• _TO DO_
Give back an exact copy of the entries beneath, minus the pictures.

• _INFORMATION SHOWN_

============

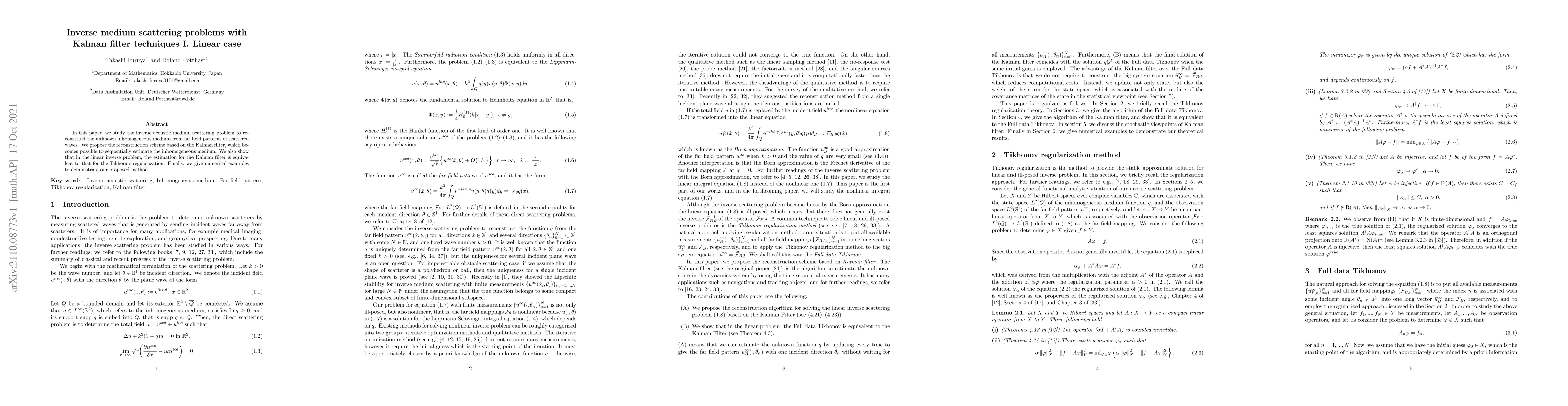 This paper proposes a Kalman filter-based method for reconstructing an inhomogeneous medium from scattered wave patterns, showing its equivalence to Tikhonov regularization in linear inverse problems, and provides numerical examples to validate the approach.
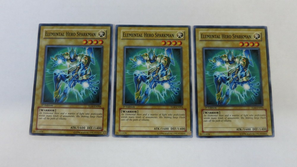 Welcome to Great_Deals_On_Collectibles.We are in the retail hobby sector and have been since 1991.We sell sportscards,gaming cards,comic books,action figures,plush toys and various other hobby related items.We have been on Ebay since 1999.We try to make buyers experience on EBAY as satisfying as possible.Our feedback on Ebay speaks volumes.Every item we have up for auction is LIVE and ready to be shipped upon payment. If you have any questions feel free to contact us,thanks for showing interest. YUGIOH You are bidding on 3x FIRST 1ST EDITION ELEMENTAL HERO SPARKMAN TLM-EN004 PLAYSET COMMON YUGIOH NM
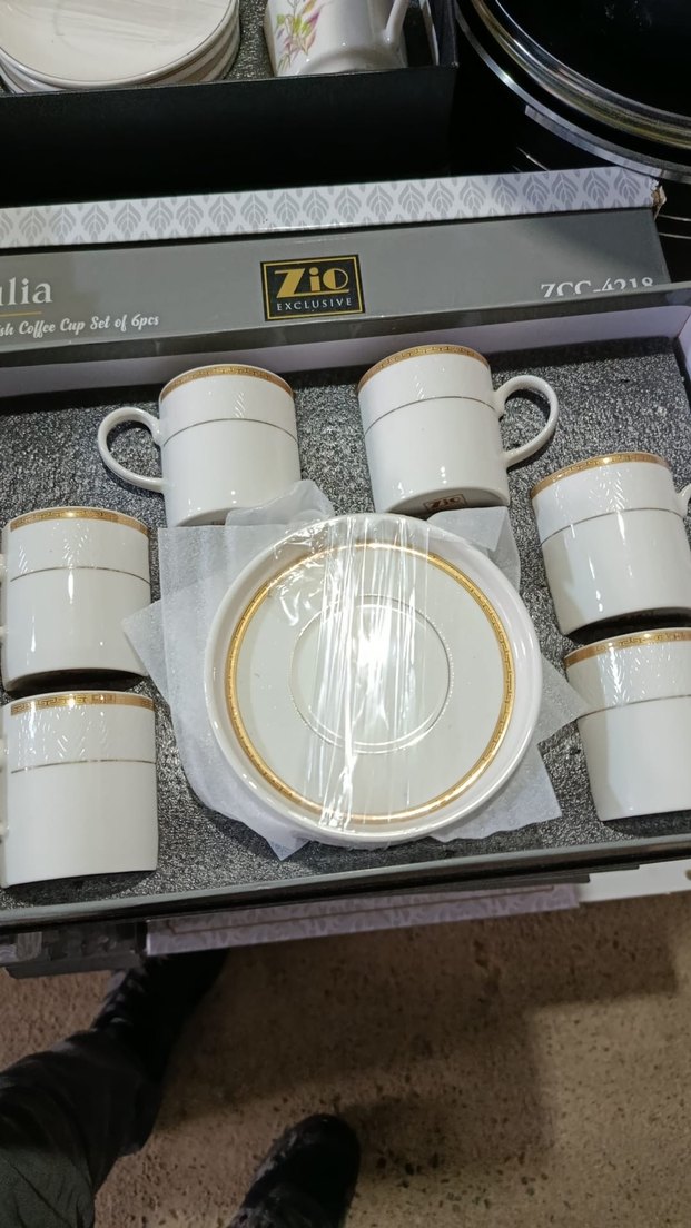 Altın detaylı beyaz kahve fincanı seti, altı adet fincan ve tabağı içerir. Zarif tasarıma sahip, kullanımı rahattır. ☕
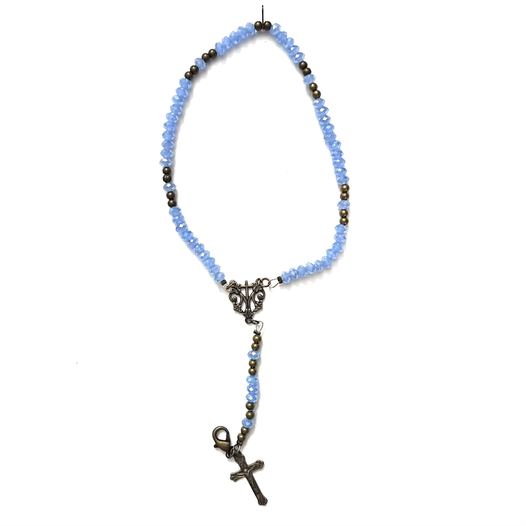 Marian Auspice Rosary Bracelet, Light Blue & Bronze
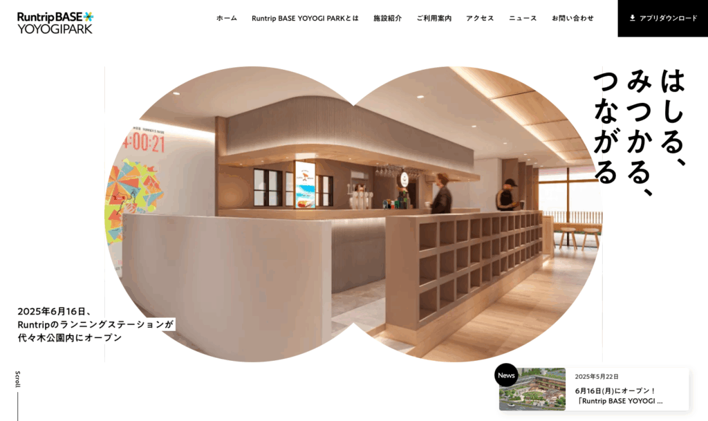 - Runtrip BASE YOYOGI PARKご来店前に Runtripアプリ をダウンロード・会員登録してください。
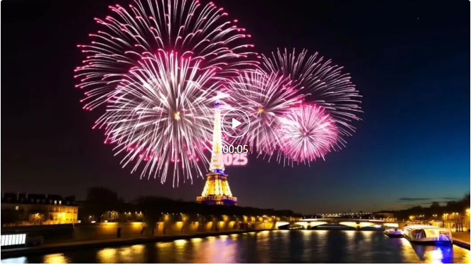 比如在塞纳河畔的埃菲尔铁塔附近,绚烂的烟花在空中绽放,随着镜头拉近,粉色数字「2025」逐渐变大,直到充斥整个画面。
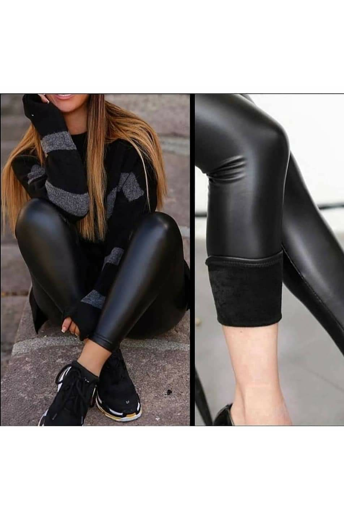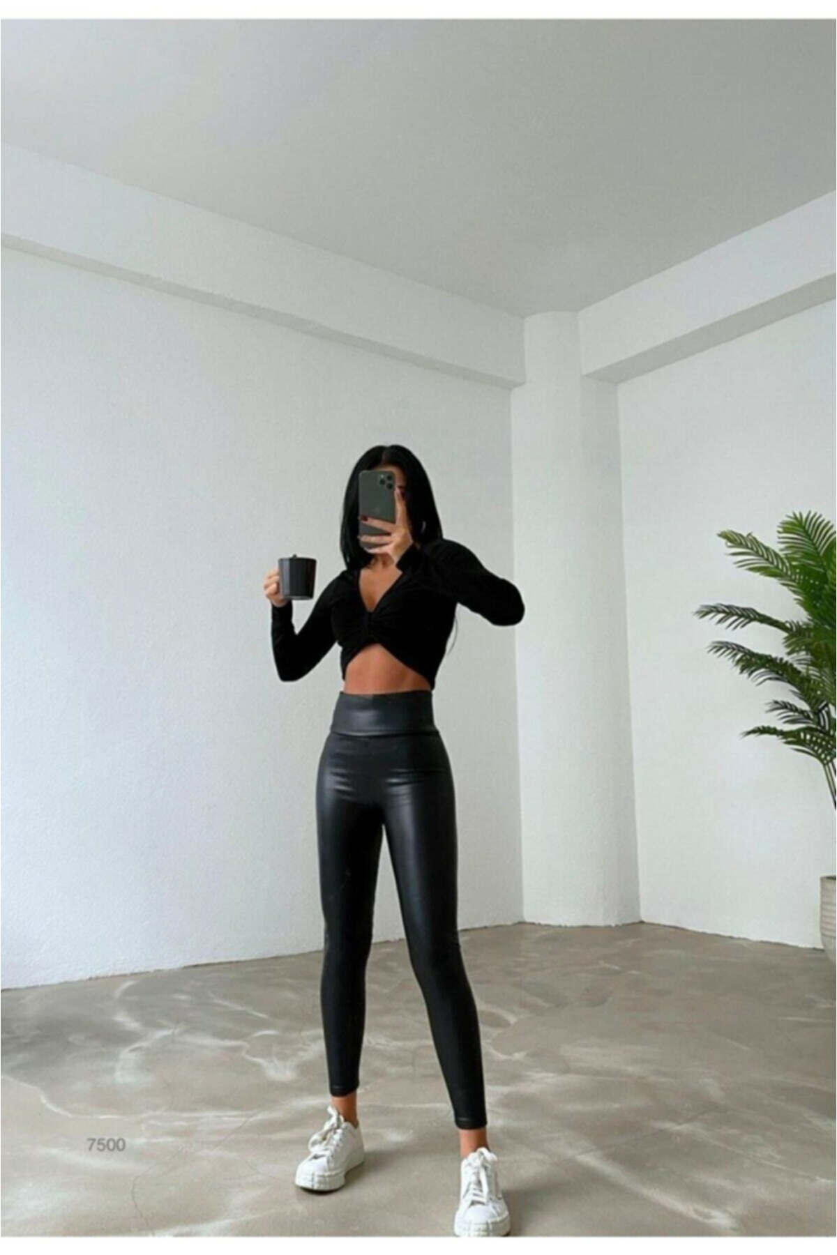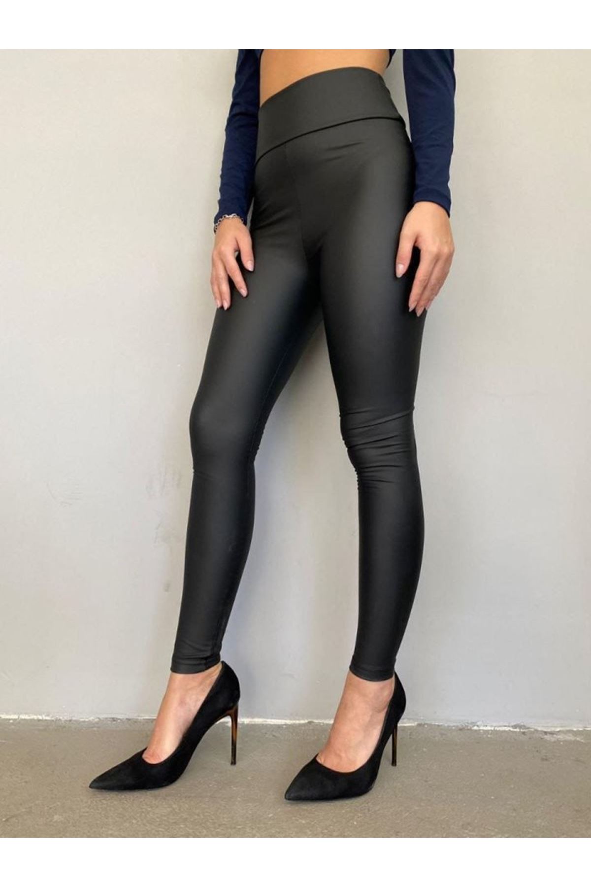 Yüksek Bel Toparlayıcı İçi Şardonlu Deri Tayt

============

• _THE COMPLETED TASK_
 This paper proposes a Kalman filter-based method for reconstructing an inhomogeneous medium from scattered wave patterns, showing its equivalence to Tikhonov regularization in linear inverse problems, and provides numerical examples to validate the approach.
 Welcome to Great_Deals_On_Collectibles.We are in the retail hobby sector and have been since 1991.We sell sportscards,gaming cards,comic books,action figures,plush toys and various other hobby related items.We have been on Ebay since 1999.We try to make buyers experience on EBAY as satisfying as possible.Our feedback on Ebay speaks volumes.Every item we have up for auction is LIVE and ready to be shipped upon payment. If you have any questions feel free to contact us,thanks for showing interest. YUGIOH You are bidding on 3x FIRST 1ST EDITION ELEMENTAL HERO SPARKMAN TLM-EN004 PLAYSET COMMON YUGIOH NM
 Altın detaylı beyaz kahve fincanı seti, altı adet fincan ve tabağı içerir. Zarif tasarıma sahip, kullanımı rahattır. ☕
 Marian Auspice Rosary Bracelet, Light Blue & Bronze
 - Runtrip BASE YOYOGI PARKご来店前に Runtripアプリ をダウンロード・会員登録してください。
 比如在塞纳河畔的埃菲尔铁塔附近,绚烂的烟花在空中绽放,随着镜头拉近,粉色数字「2025」逐渐变大,直到充斥整个画面。
 Yüksek Bel Toparlayıcı İçi Şardonlu Deri Tayt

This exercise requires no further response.